Metadata module of repro_eval
In order to provide a software interface for developers and experimenters, we have implemented the metadata support into repro_eval
- the reproducibility toolkit for system-oriented IR experiments. In the following we provide a brief overview of the metadata
-module and its classes, for more details we refer the interested reader to the actual implementations in the GitHub repository.
MetadataHandler
The MetadataHandler
is used for in- and output operations of annotated run files, e.g., it can be used to annotate run files with a template in the form of a YAML file.
from repro_eval.metadata import MetadataHandler
metadata_handler = MetadataHandler(run_path='./run.txt', metadata_path='./metadata.yaml')
metadata_handler.write_metadata()
MetadataAnalyzer
The MetadataAnalyzer
is used to analyze sets of different run files in reference to a run that has be be provided upon instantiation.

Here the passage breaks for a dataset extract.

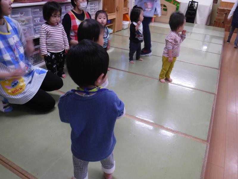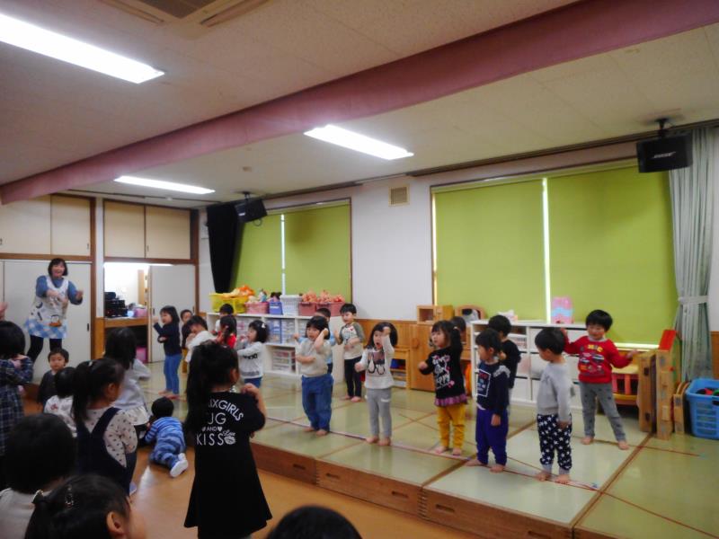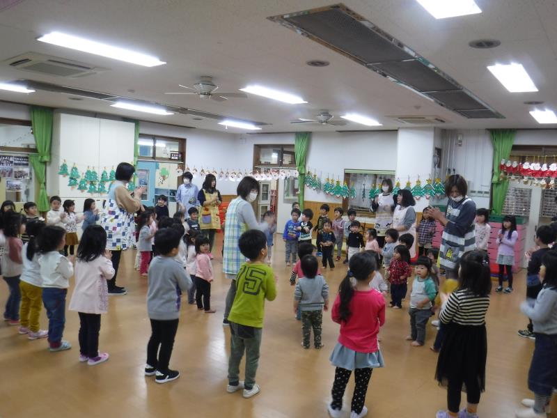 夕方の時間、お遊戯室で「ジングルベル」の曲に合わせて踊りの練習をしました。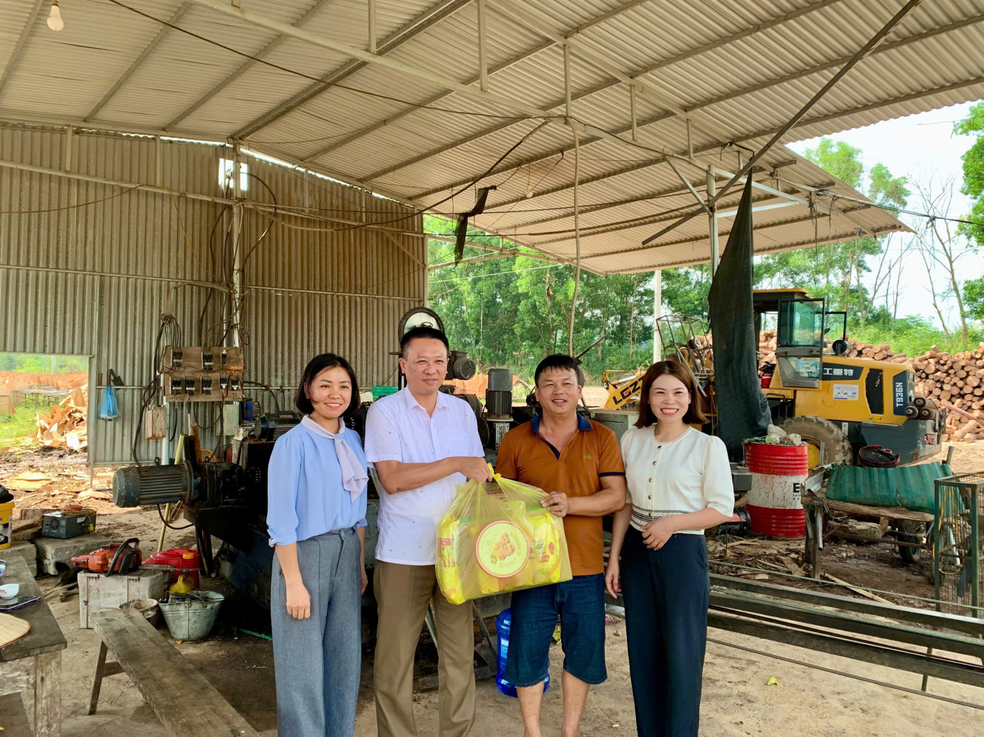 Ảnh: Đồng chí Nguyễn Quốc Thắng, Bí thư Đảng ủy (hình thứ 2 từ bìa trái qua) thăm, tặng quà doanh nghiệp trên địa bàn xã

The analyze_directory()
method returns a dictionary with PRIMAD identifiers as keys and lists with the corresponding run paths as values.
from repro_eval.metadata import MetadataAnalyzer
metadata_analyzer = MetadataAnalyzer(run_path='./run.txt')
experiments = metadata_analyzer.analyze_directory(dir_path='./runs/')
...
PrimadExperiment
The PrimadExperiment
is used to determine the reproducibility measures between a reference run and a set of one or more reproduced run files. Depending on the type of the PRIMAD experiment, several reproducibility measures can be determined. We differentiate between different PRIMAD types by lower- and upper-case letters in the identifier. For instance, if the Method is changed by parameter sweeps, the corresponding identifier results as priMad
with an upper-case M.
...
from repro_eval.metadata import PrimadExperiment
run_candidates = experiments.get('priMad')
primad_experiment = PrimadExperiment(primad='priMad',
ref_base_path='./run.txt',
rep_base=run_candidates,
rpd_qrels='./qrels.txt')
primad_experiment.evaluate()